= Task goal =
Exact duplicates of the lines from the top of the data through the line containing "新款 韩版 儿童短袖 男童洋气夏装 夏季 2024夏季 帅气爆款 两件套潮 衬衫" are needed, with every picture left out.

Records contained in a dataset

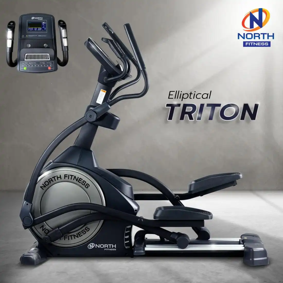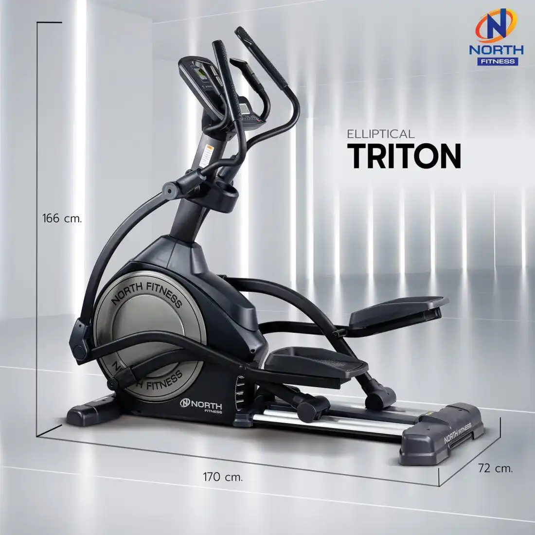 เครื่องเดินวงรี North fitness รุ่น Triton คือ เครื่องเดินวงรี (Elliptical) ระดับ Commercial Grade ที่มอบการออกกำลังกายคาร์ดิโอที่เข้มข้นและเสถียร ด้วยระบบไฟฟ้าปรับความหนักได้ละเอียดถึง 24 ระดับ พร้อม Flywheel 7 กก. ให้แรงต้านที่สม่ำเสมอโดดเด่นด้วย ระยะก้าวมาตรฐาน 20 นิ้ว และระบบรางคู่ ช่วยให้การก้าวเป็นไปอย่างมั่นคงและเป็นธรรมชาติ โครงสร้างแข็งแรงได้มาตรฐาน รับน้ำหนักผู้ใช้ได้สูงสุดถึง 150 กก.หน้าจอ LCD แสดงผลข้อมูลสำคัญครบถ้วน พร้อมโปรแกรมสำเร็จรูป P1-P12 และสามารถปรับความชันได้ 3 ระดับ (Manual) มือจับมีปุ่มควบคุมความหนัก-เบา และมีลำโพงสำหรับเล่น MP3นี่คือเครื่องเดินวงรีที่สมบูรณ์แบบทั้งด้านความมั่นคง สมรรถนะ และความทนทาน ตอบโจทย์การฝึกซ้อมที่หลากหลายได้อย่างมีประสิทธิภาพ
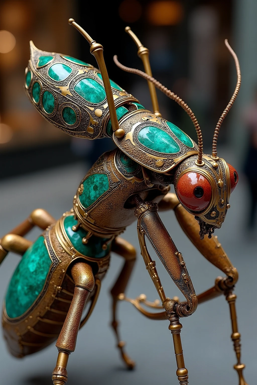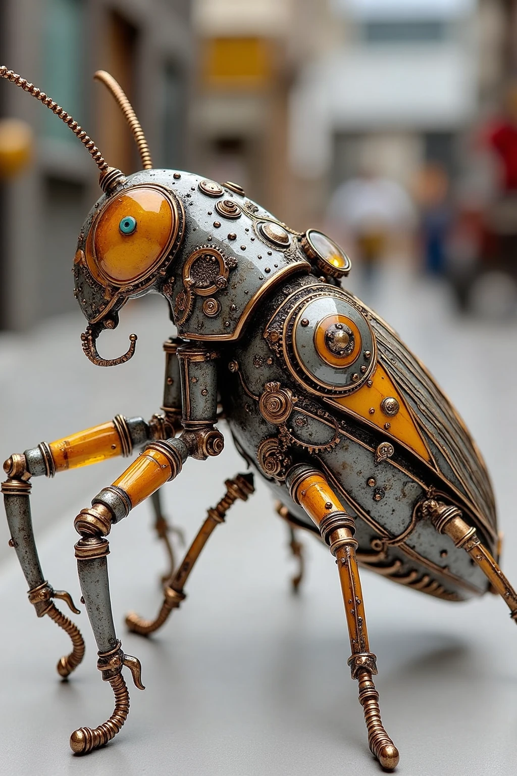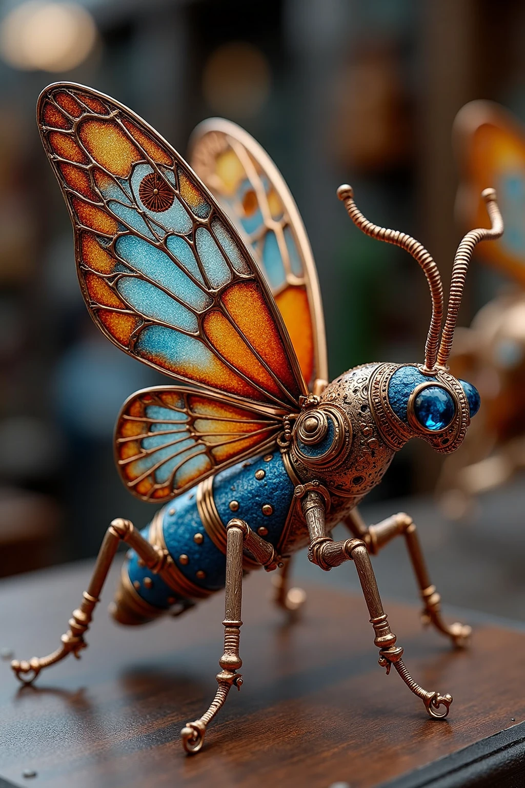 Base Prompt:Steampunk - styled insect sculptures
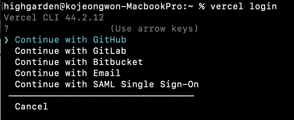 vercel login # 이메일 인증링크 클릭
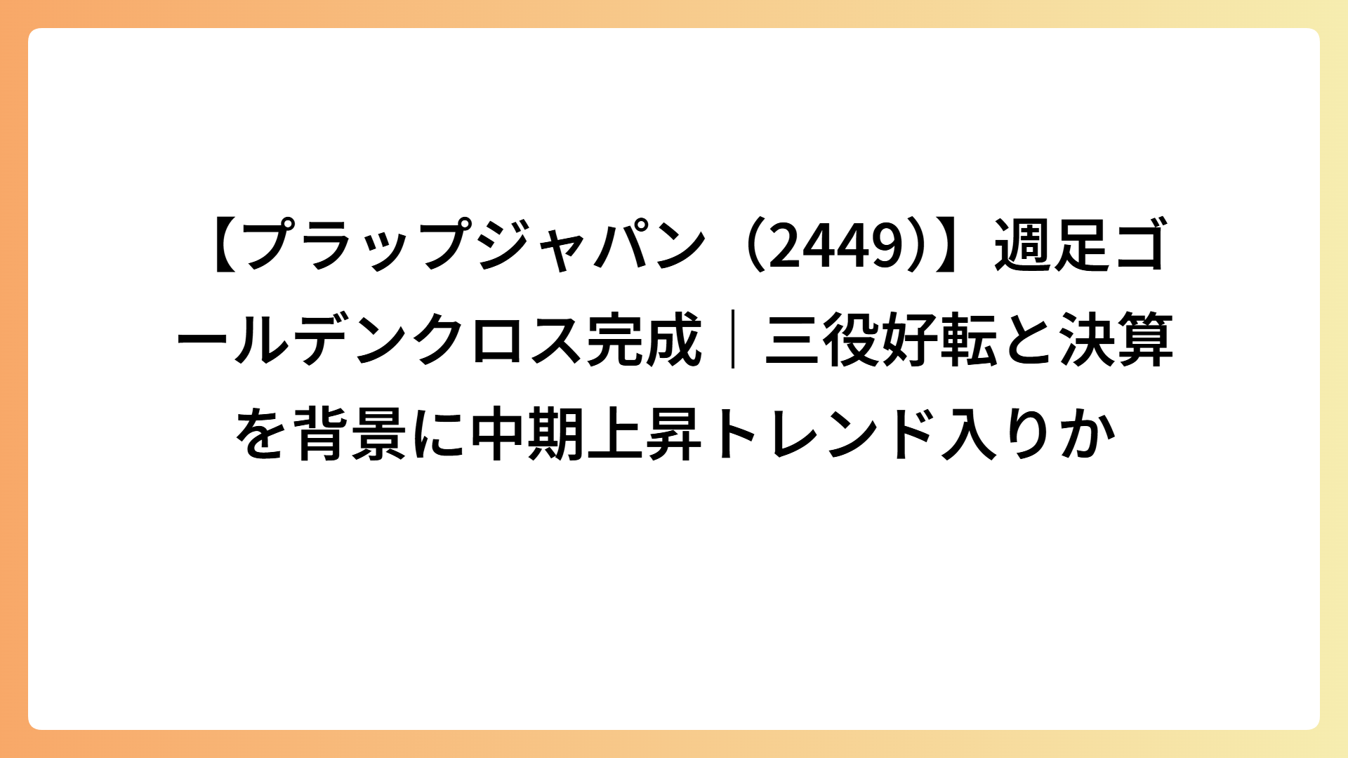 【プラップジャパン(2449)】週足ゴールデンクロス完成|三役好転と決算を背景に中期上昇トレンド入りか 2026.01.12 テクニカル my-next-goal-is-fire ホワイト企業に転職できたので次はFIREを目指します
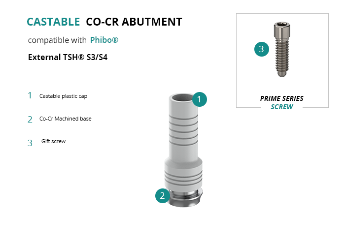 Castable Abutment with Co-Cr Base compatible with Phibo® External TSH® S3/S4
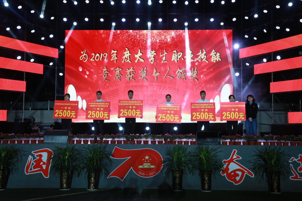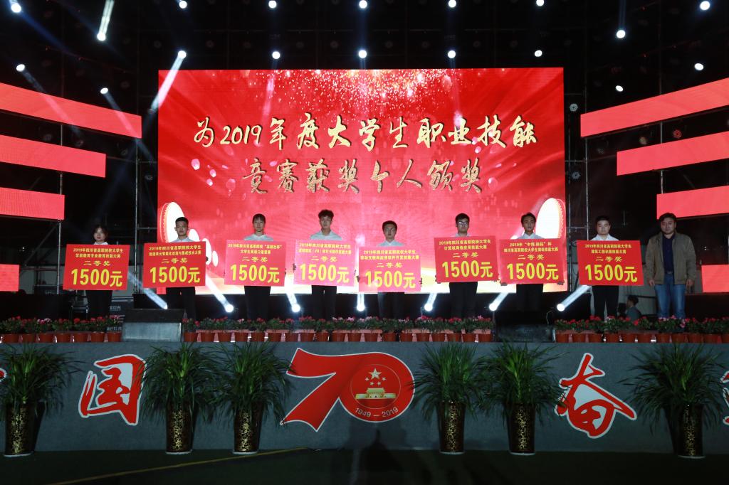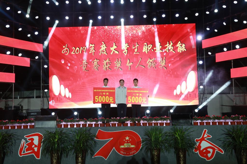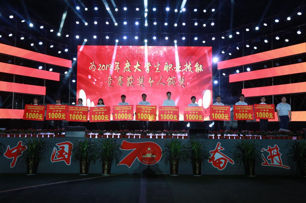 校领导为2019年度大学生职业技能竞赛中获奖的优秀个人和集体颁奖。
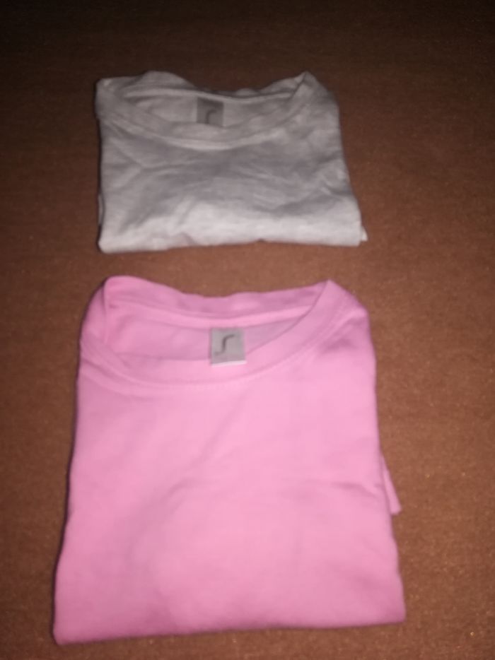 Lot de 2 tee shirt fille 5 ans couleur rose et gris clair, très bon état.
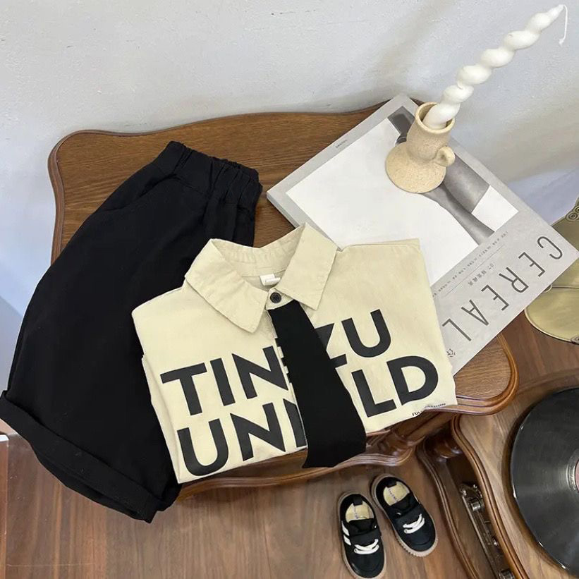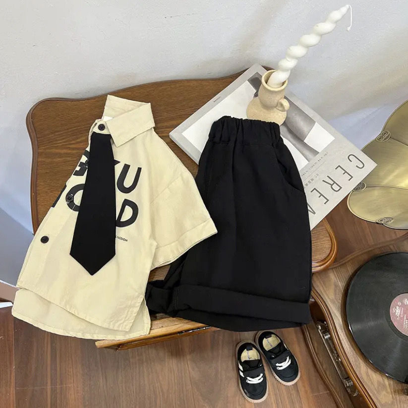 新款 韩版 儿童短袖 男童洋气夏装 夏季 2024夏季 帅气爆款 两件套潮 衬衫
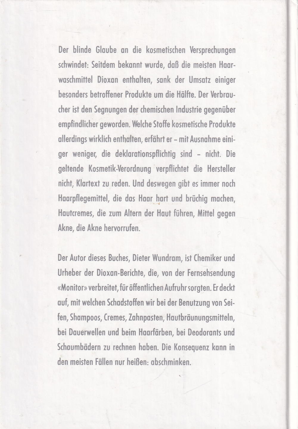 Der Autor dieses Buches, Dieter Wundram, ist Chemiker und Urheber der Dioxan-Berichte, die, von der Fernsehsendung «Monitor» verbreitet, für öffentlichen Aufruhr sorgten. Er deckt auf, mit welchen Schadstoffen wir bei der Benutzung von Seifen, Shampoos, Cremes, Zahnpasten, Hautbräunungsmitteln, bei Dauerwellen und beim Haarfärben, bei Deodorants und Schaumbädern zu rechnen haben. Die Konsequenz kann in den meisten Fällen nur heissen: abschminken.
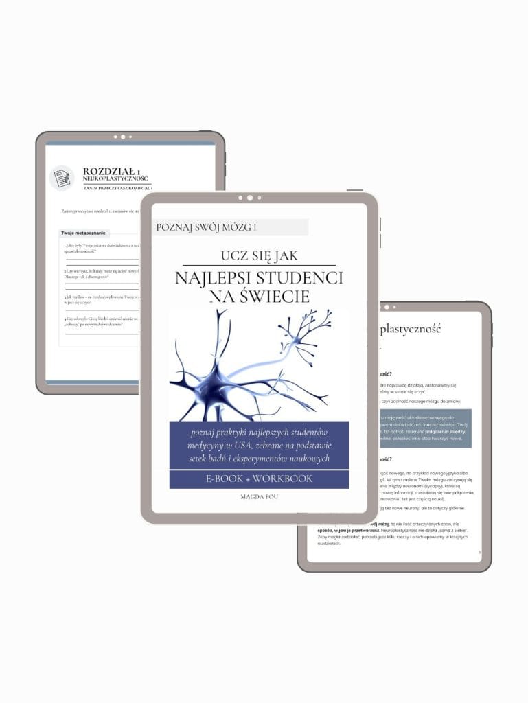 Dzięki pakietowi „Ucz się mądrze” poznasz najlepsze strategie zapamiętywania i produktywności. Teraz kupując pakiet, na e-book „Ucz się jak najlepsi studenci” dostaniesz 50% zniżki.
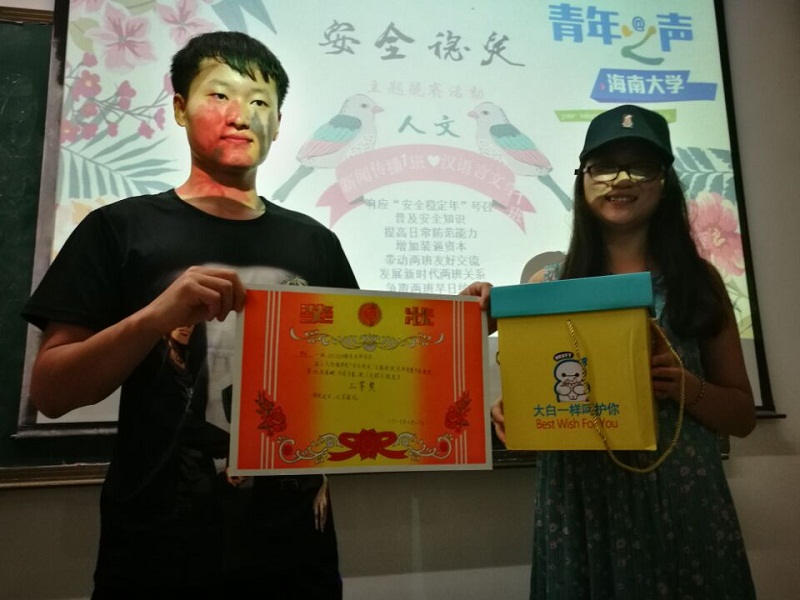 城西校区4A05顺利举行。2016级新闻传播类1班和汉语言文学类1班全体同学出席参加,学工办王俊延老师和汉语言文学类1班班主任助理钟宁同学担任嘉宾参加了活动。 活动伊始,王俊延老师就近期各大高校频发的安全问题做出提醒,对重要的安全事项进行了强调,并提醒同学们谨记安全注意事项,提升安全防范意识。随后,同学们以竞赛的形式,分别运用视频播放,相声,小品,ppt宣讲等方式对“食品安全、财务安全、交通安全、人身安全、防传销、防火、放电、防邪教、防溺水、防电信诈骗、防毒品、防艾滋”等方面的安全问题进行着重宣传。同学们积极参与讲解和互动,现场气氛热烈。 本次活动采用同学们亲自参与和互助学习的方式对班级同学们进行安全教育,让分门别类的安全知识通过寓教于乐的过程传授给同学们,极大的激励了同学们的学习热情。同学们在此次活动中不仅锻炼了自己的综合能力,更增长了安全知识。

= Task response =
 เครื่องเดินวงรี North fitness รุ่น Triton คือ เครื่องเดินวงรี (Elliptical) ระดับ Commercial Grade ที่มอบการออกกำลังกายคาร์ดิโอที่เข้มข้นและเสถียร ด้วยระบบไฟฟ้าปรับความหนักได้ละเอียดถึง 24 ระดับ พร้อม Flywheel 7 กก. ให้แรงต้านที่สม่ำเสมอโดดเด่นด้วย ระยะก้าวมาตรฐาน 20 นิ้ว และระบบรางคู่ ช่วยให้การก้าวเป็นไปอย่างมั่นคงและเป็นธรรมชาติ โครงสร้างแข็งแรงได้มาตรฐาน รับน้ำหนักผู้ใช้ได้สูงสุดถึง 150 กก.หน้าจอ LCD แสดงผลข้อมูลสำคัญครบถ้วน พร้อมโปรแกรมสำเร็จรูป P1-P12 และสามารถปรับความชันได้ 3 ระดับ (Manual) มือจับมีปุ่มควบคุมความหนัก-เบา และมีลำโพงสำหรับเล่น MP3นี่คือเครื่องเดินวงรีที่สมบูรณ์แบบทั้งด้านความมั่นคง สมรรถนะ และความทนทาน ตอบโจทย์การฝึกซ้อมที่หลากหลายได้อย่างมีประสิทธิภาพ
 Base Prompt:Steampunk - styled insect sculptures
 vercel login # 이메일 인증링크 클릭
 【プラップジャパン(2449)】週足ゴールデンクロス完成|三役好転と決算を背景に中期上昇トレンド入りか 2026.01.12 テクニカル my-next-goal-is-fire ホワイト企業に転職できたので次はFIREを目指します
 Castable Abutment with Co-Cr Base compatible with Phibo® External TSH® S3/S4
 校领导为2019年度大学生职业技能竞赛中获奖的优秀个人和集体颁奖。
 Lot de 2 tee shirt fille 5 ans couleur rose et gris clair, très bon état.
 新款 韩版 儿童短袖 男童洋气夏装 夏季 2024夏季 帅气爆款 两件套潮 衬衫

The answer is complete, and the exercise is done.